The team also found that other planets, including Mars, formed under oxygen conditions outside this Goldilocks zone. On Mars, that meant more phosphorus in the mantle than on Earth, but less nitrogen, producing difficult conditions for life as we know it.

A New Way to Search for Life Beyond Earth

These findings may change how scientists think about habitability. So far, much of the focus has been on whether a planet has water. Walton and Schönbächler argue that this is not enough.

A planet may have water and still be chemically unfit for life from the very beginning. If oxygen levels were wrong while the core was forming, the planet may never have kept enough phosphorus and nitrogen in the places where life could use them.

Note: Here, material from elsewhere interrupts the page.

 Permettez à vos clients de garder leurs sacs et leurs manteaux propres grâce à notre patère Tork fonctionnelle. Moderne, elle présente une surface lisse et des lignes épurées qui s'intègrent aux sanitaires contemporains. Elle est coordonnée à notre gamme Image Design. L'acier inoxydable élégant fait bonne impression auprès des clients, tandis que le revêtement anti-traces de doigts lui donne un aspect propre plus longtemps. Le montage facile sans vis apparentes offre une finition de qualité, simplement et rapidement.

Why Sun-Like Stars May Matter Most

Astronomers may be able to estimate these chemical conditions by studying other solar systems with large telescopes. The oxygen available during planet formation depends on the chemical makeup of the host star. Because planets form mostly from the same material as their star, the star's composition helps shape the chemistry of the entire planetary system.

That means solar systems whose chemistry is very different from ours may be poor candidates in the search for life. "This makes searching for life on other planets a lot more specific. We should look for solar systems with stars that resemble our own Sun," says Walton.